Monday, April 25, 2011

Spiritual abuse and codependence, part 6: Repetition

Some days after the first tantrum, when I was feeling a little braver, I asked whether Sage had read my email about not assuming and projecting. Sage said, “I skimmed it—I’ve had a lot to do,” and changed the subject because we had more important things to talk about: had I read their last email? In depth?

Soon thereafter, I went to the computer with my morning coffee and opened my email. Since the first tantrum, I had never opened one of Sage’s emails with quite the same sense of blind trust and euphoric happiness. I was no longer sure I’d always get my sugar-coated love bomb. Still, I was sure there wouldn’t be another tantrum, because I had expressed my concerns and I knew Sage would never hurt me on purpose.
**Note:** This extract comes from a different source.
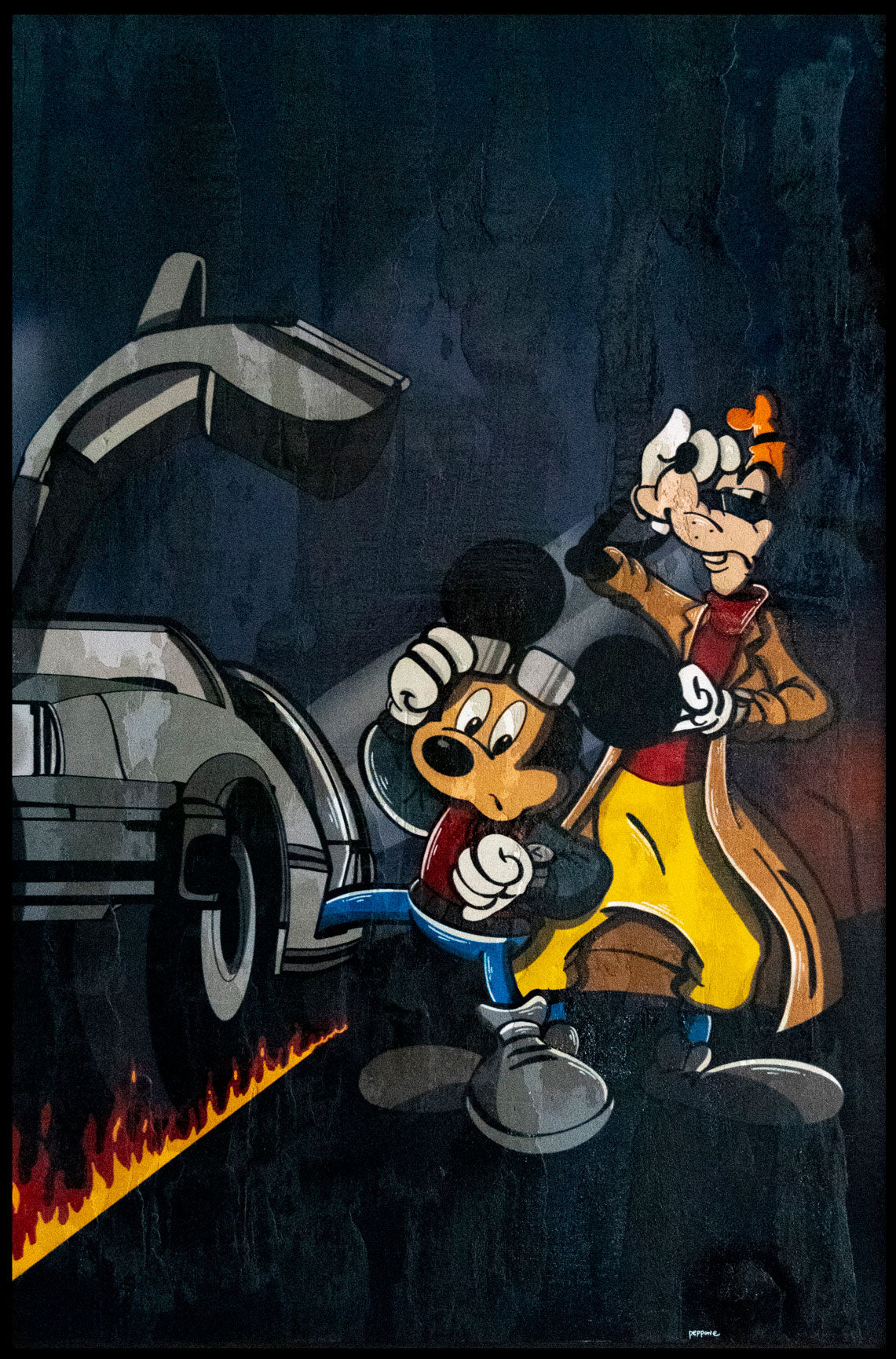 Cemented plaster on canvas mounted on dibond, ink, spray painting and paint marker | Framed in recycled wood American box.

Besides, I had been extra careful not to say anything that might give offense.

There, sitting in my inbox like a series of sugar-free landmines, was another tantrum, following roughly the same schedule, word count, and narrative arc. This time, of course, I had no rank to lose, but my credential was at risk because of my abusive behavior and my immature relationship with the Source. Intensive spiritual work with Sage would be required.

I knew what was expected of me. I made the call. I repeated the apologies word for word at Sage’s prompting. The love-bombing resumed.